Dynamic programming used to match two strings with a given "cost" matrix
and a deletion penalty function finds the maximum sum of costs of any
possible alignment of the two strings.
All of these variations are possible:
(a) to anchor the matching at both ends
(b) to leave one end anchored and find the optimal second end
(c) to find the overall optimal match of any two subsequences
(d) to specify a deletion cost depedent on each amino acid
being deleted
(e) to allow a linear gap penalty function (a+bk). (This is called
Gotoh's algorithm)
(f) the entries of the "cost" matrix are arbitrary real numbers
(no sign restriction whatsoever)
(g) you can minimize instead of maximizing the total cost.
(h) recover any one of the alignments which gives the optimal cost
(i) you can use an arbitrary concave gap-penalty function at
an increase in complexity (a log(n+m) factor, Webb and Myers).
All of these variations run in time proportional to m*n where
m and n are the lengths of the two sequences, and use space
proportional to min(m,n).
All these variations find the absolute maximum (ie. no approximations).
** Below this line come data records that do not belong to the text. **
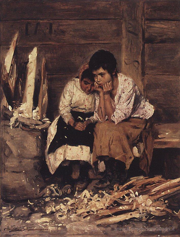 Benvenuti nel nostro prestigioso catalogo di dipinti a olio italiani, dove l'arte si fonde con l'eleganza e la tradizione. Tra le nostre eccezionali proposte spicca l'opera Nel corso dei chip dell'artista Vladimir Makovsky, un capolavoro che incarna l'essenza dell'arte russa del XIX secolo. Makovsky, noto per la sua abilità nell'illustrare scene di vita quotidiana con grande sensibilità, offre in questo dipinto una visione affascinante e intima della società russa dell'epoca.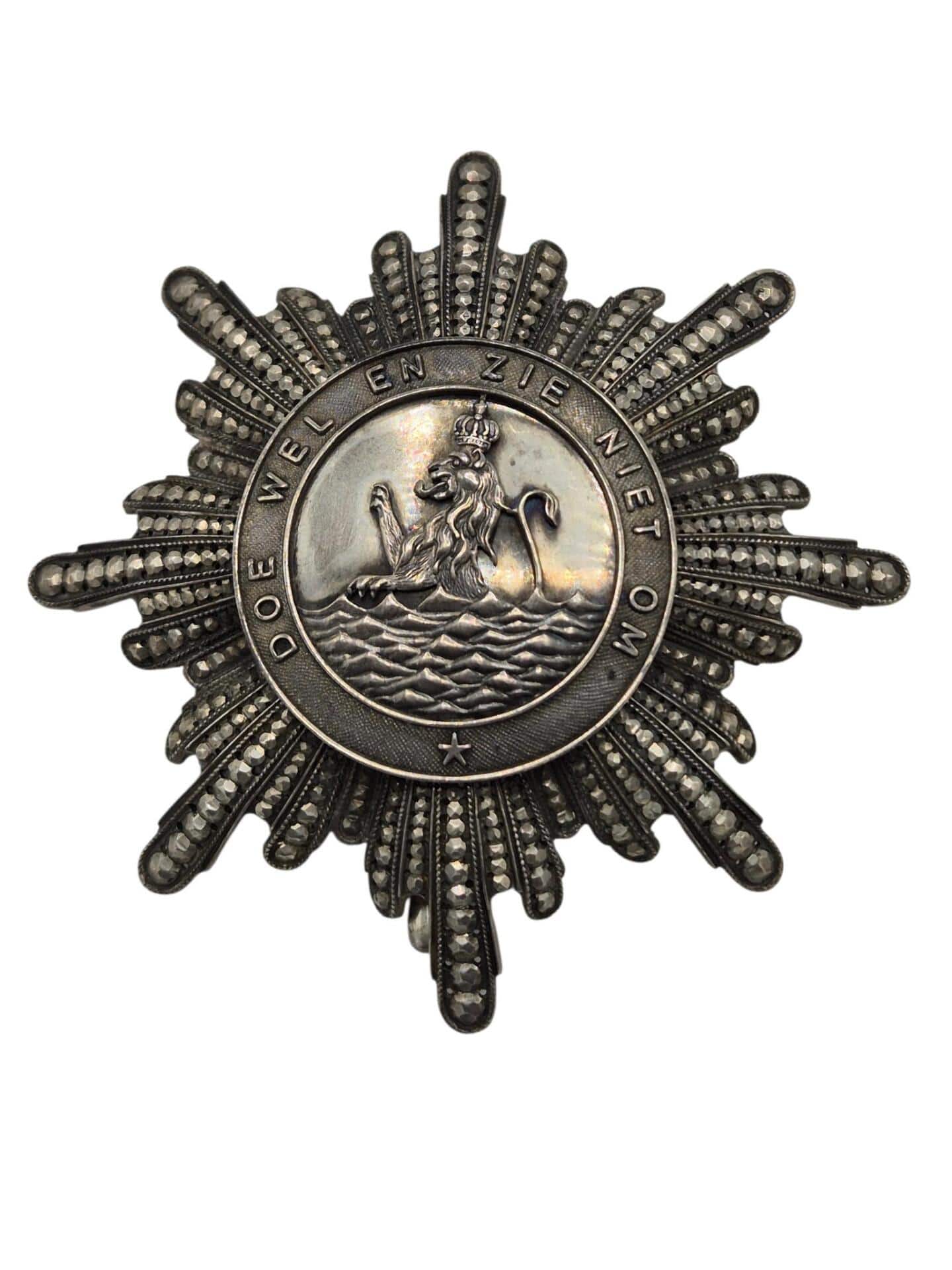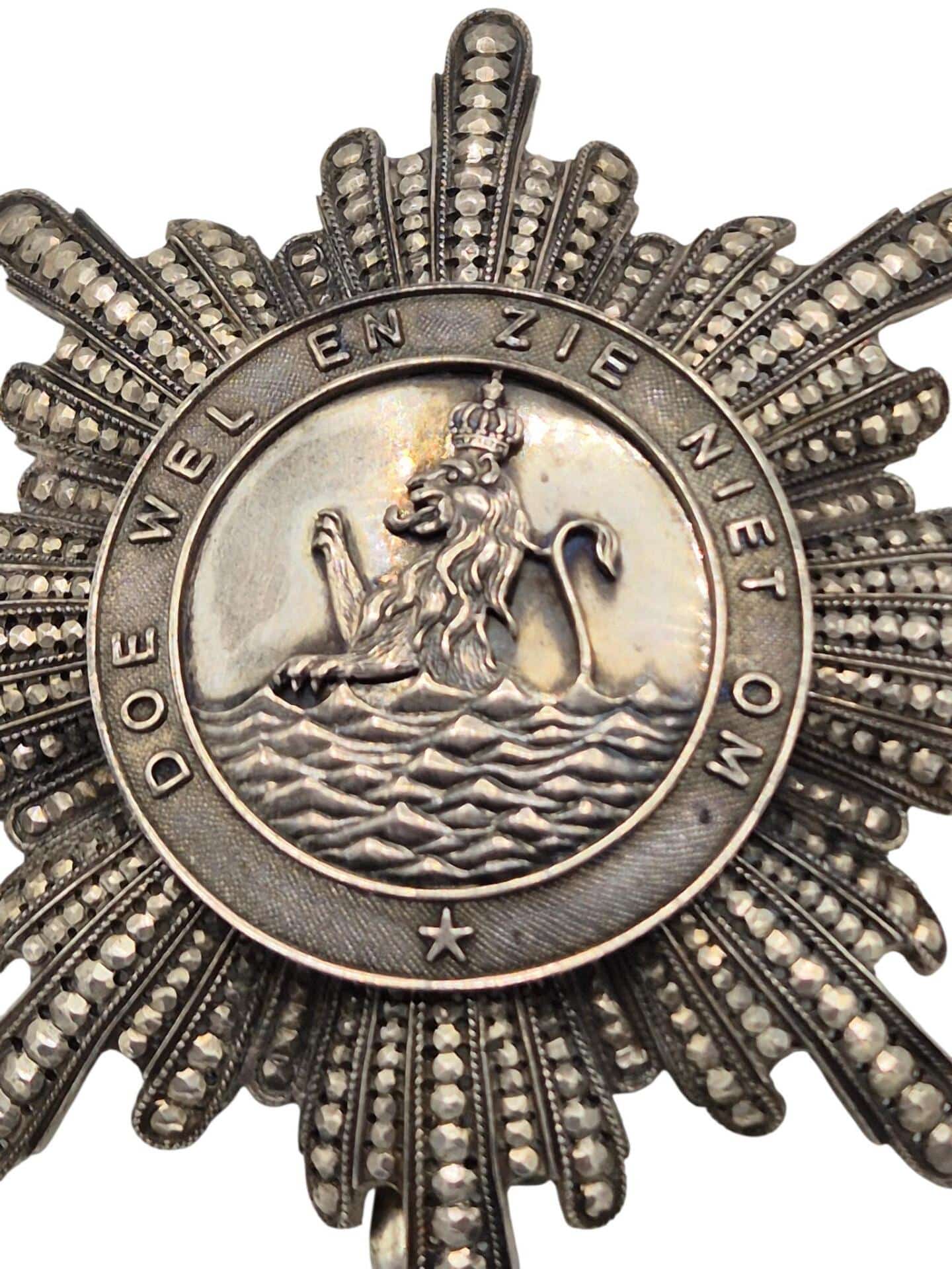 Orde van de Unie, prachtige verzilverde borstster. Aan de voorzijde de tekst Doe wel en zie niet om, nog compleet met de originele pin die netjes BOZ is gemarkeerd. Betreft een aanmaak ca 1850. Deze orde werd in 1806 ingesteld door Lodewijk Napoleon de toenmalige koning van Holland. De orde is slechts korte tijd uitgegeven, maar is nog wel lang in gebruik gebleven en gedragen. De ster is nog in een fantastische conditie zonder enige schade. Mooi stukje Nederlandse geschiedenis.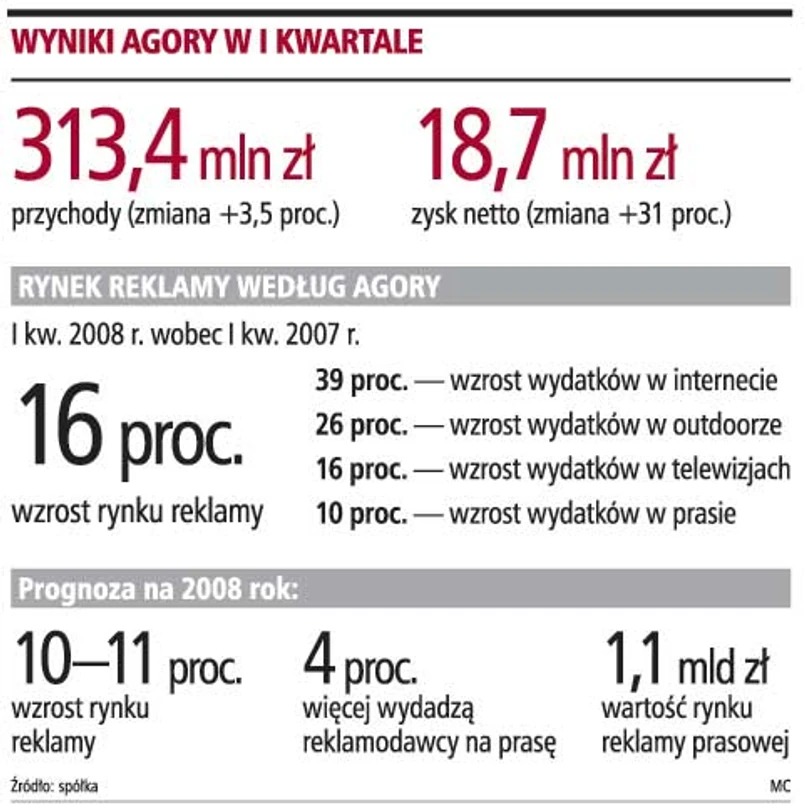 Mimo dobrych wyników za I kwartał inwestorzy byli zaniepokojeni i sprzedawali wczoraj akcje Agory. Powodem była transakcja przejęcia za 119,5 mln zł spółki Trader.com, uznana przez rynek za zbyt wysoką i wzbudzająca obawy, że Agora w przyszłości będzie przepłacać za inwestycje - wynika z analizy GP.

Notice that when the log-odds matrix is used, we maximize a sum of
logarithms of conditional probabilities, hence we maximize the
product of these probabilities, hence we find a maximum likelihood
alignment. People familiar with estimation theory will recognize
that this is an unbiased estimator.
In summary, I should have not used the term Needleman & Wunsch if you
are going to take such a narrow view of the algorithm. I should have
used the term "dynamic programming" (which is what I normally use).
Gaston H. Gonnet, Informatik, ETH, Zurich.